### Task to complete
Reproduce the data below word for word, setting aside any picture it holds.

-- Opening Marker --

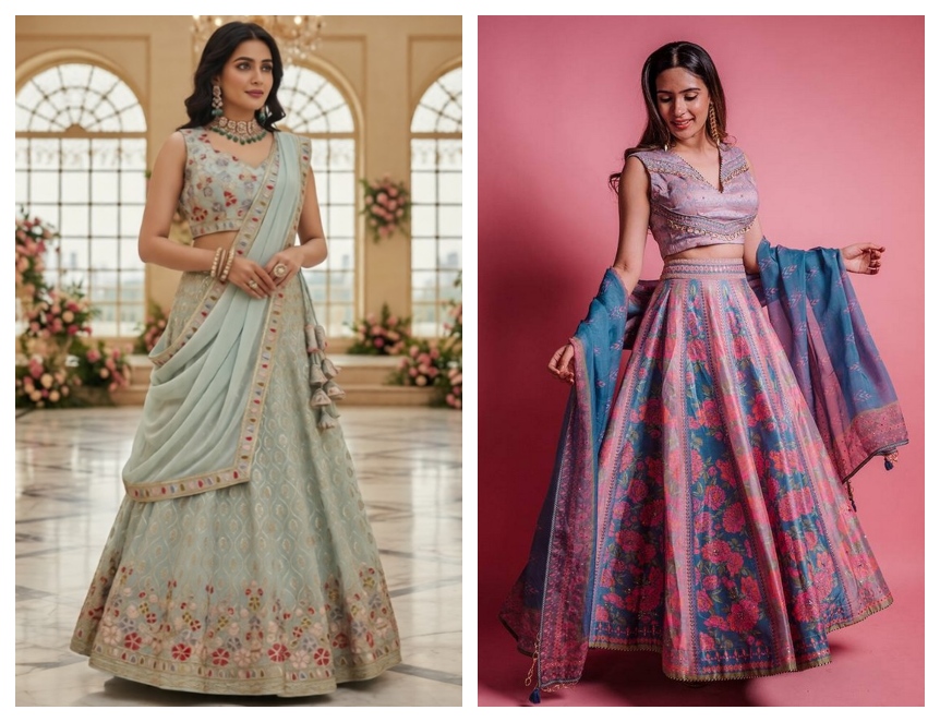 The intimate wedding experience focuses on the quality of connections, relaxed spaces, and authentic expressions of love between partners. Floral lehengas created for these occasions are typically soft pastel colors, lightweight fabrics such as organza, chiffon or georgette, and subtle prints. The textural nature of these designs gives brides a simple and elegant appearance that does not overshadow either the bride or the location. Brides wear subtle hand-painted floral designs, little embroidery, and breathable silhouettes as an emphasis on comfort during the ceremony. Some brides wear outfits that tell their story (e.g., using their favorite flower, using colors with symbolic meaning, or creating custom designs) to create a truly unique experience.
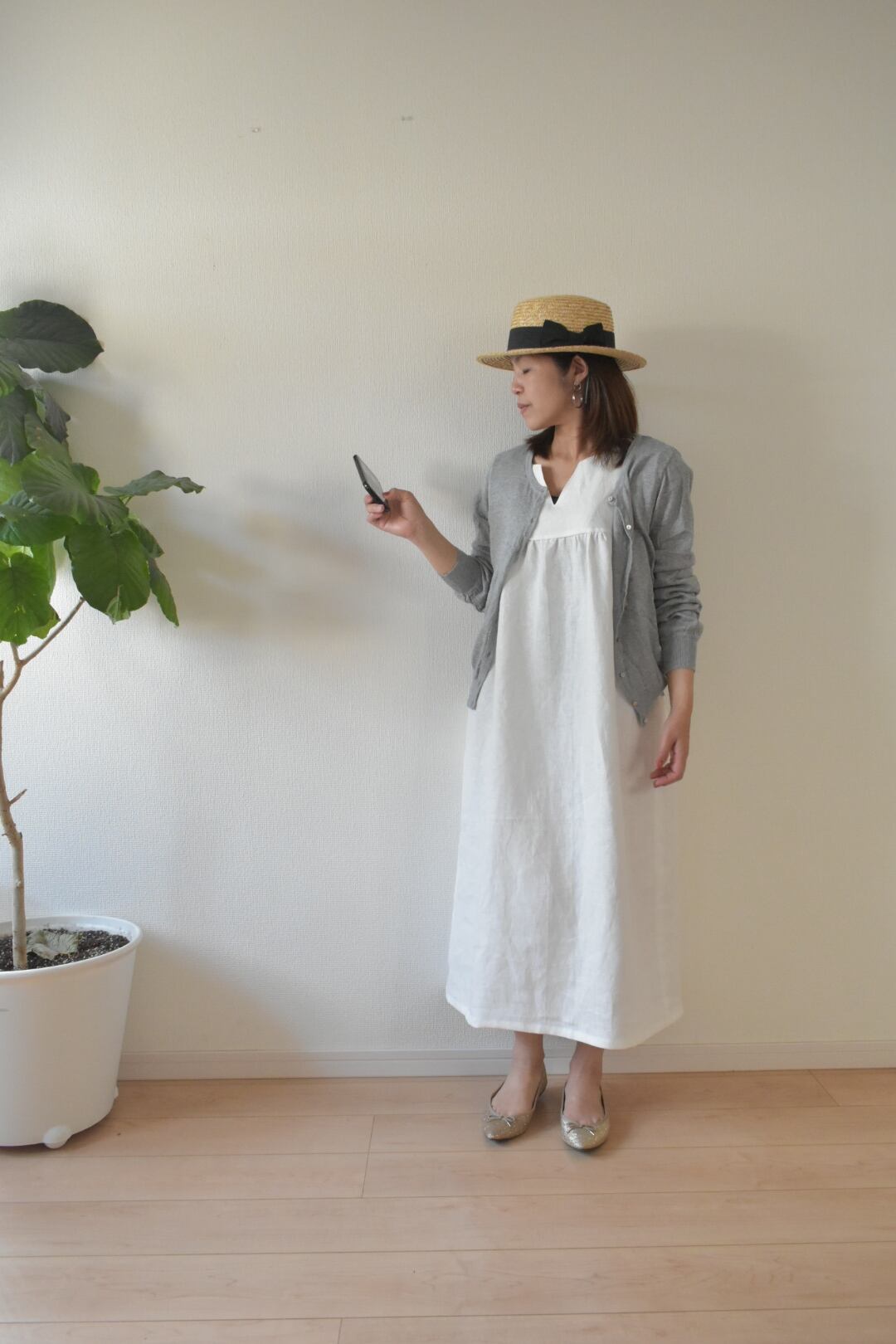 【即発送sizeL】Vネックラインが着痩せ効果抜群 リネン100%ワンピース〜ホワイト〜
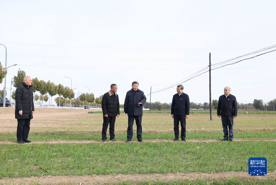 11月10日,中共中央总书记、国家主席、中央军委主席习近平在北京、河北考察灾后恢复重建工作。这是10日下午,习近平在河北保定涿州市刁窝镇万全庄村村边农田察看冬小麦长势。新华社记者 王晔 摄
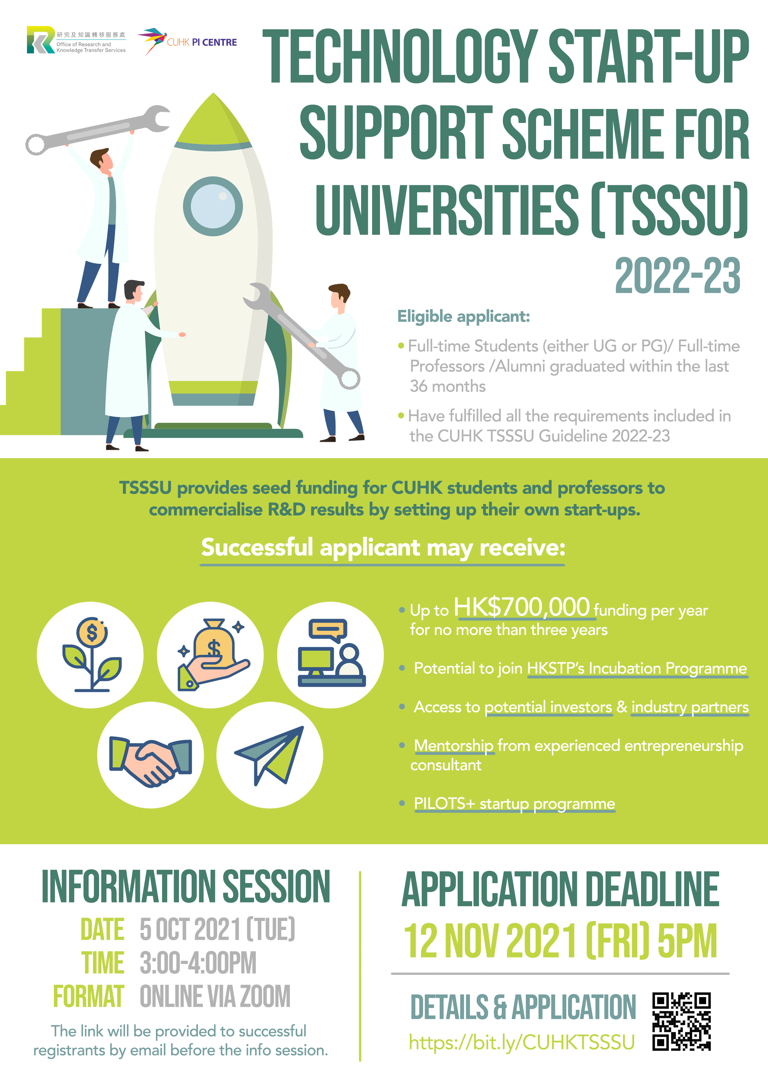 The Innovation and Technology Commission (ITC) of the Hong Kong SAR Government has set up Technology Start-up Support Scheme for Universities (TSSSU) to encourage students, professors, and alumni from six local universities, including CUHK, to start their own technology companies to commercialize R&D results.
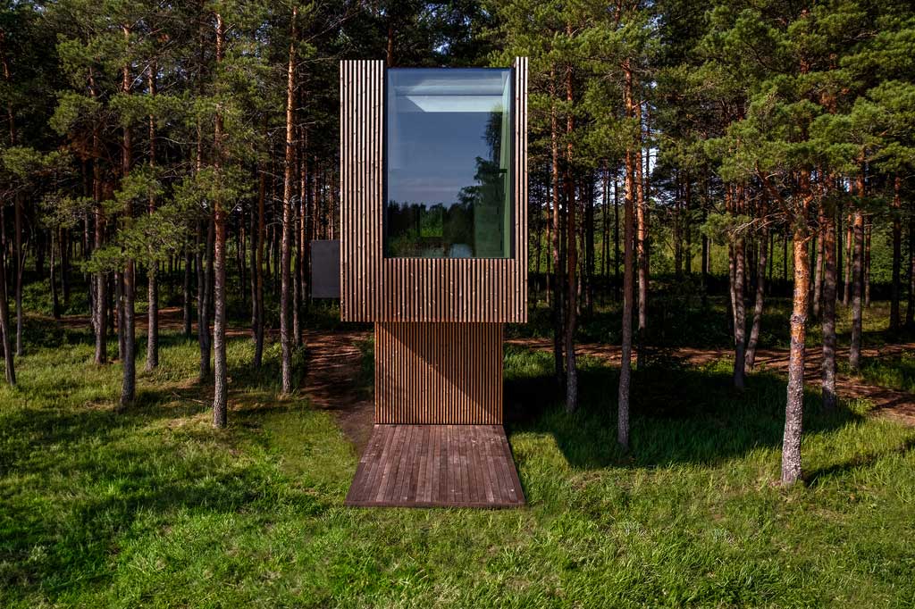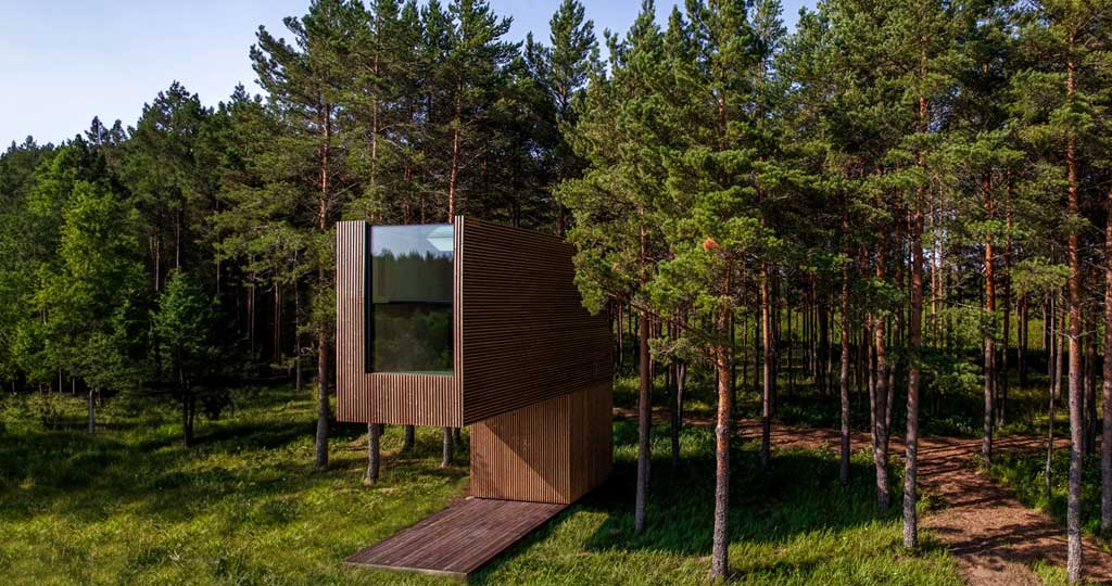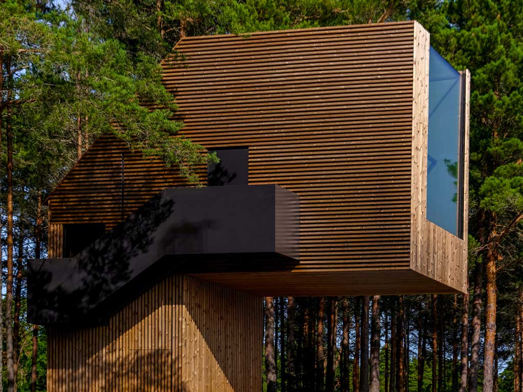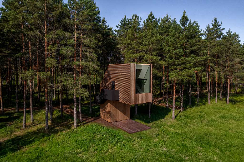 In the heart of the Estonian wilderness, where the vast expanse of nature stretches as far as the eye can see, stands a marvel of modern architecture. An elevated, prefabricated treehouse that not only pays homage to the beauty of its surroundings but also showcases the brilliance of contemporary design and the innovative use of building materials.

-- Closing Marker --

### Exercise output
 The intimate wedding experience focuses on the quality of connections, relaxed spaces, and authentic expressions of love between partners. Floral lehengas created for these occasions are typically soft pastel colors, lightweight fabrics such as organza, chiffon or georgette, and subtle prints. The textural nature of these designs gives brides a simple and elegant appearance that does not overshadow either the bride or the location. Brides wear subtle hand-painted floral designs, little embroidery, and breathable silhouettes as an emphasis on comfort during the ceremony. Some brides wear outfits that tell their story (e.g., using their favorite flower, using colors with symbolic meaning, or creating custom designs) to create a truly unique experience.
 【即発送sizeL】Vネックラインが着痩せ効果抜群 リネン100%ワンピース〜ホワイト〜
 11月10日,中共中央总书记、国家主席、中央军委主席习近平在北京、河北考察灾后恢复重建工作。这是10日下午,习近平在河北保定涿州市刁窝镇万全庄村村边农田察看冬小麦长势。新华社记者 王晔 摄
 The Innovation and Technology Commission (ITC) of the Hong Kong SAR Government has set up Technology Start-up Support Scheme for Universities (TSSSU) to encourage students, professors, and alumni from six local universities, including CUHK, to start their own technology companies to commercialize R&D results.
 In the heart of the Estonian wilderness, where the vast expanse of nature stretches as far as the eye can see, stands a marvel of modern architecture. An elevated, prefabricated treehouse that not only pays homage to the beauty of its surroundings but also showcases the brilliance of contemporary design and the innovative use of building materials.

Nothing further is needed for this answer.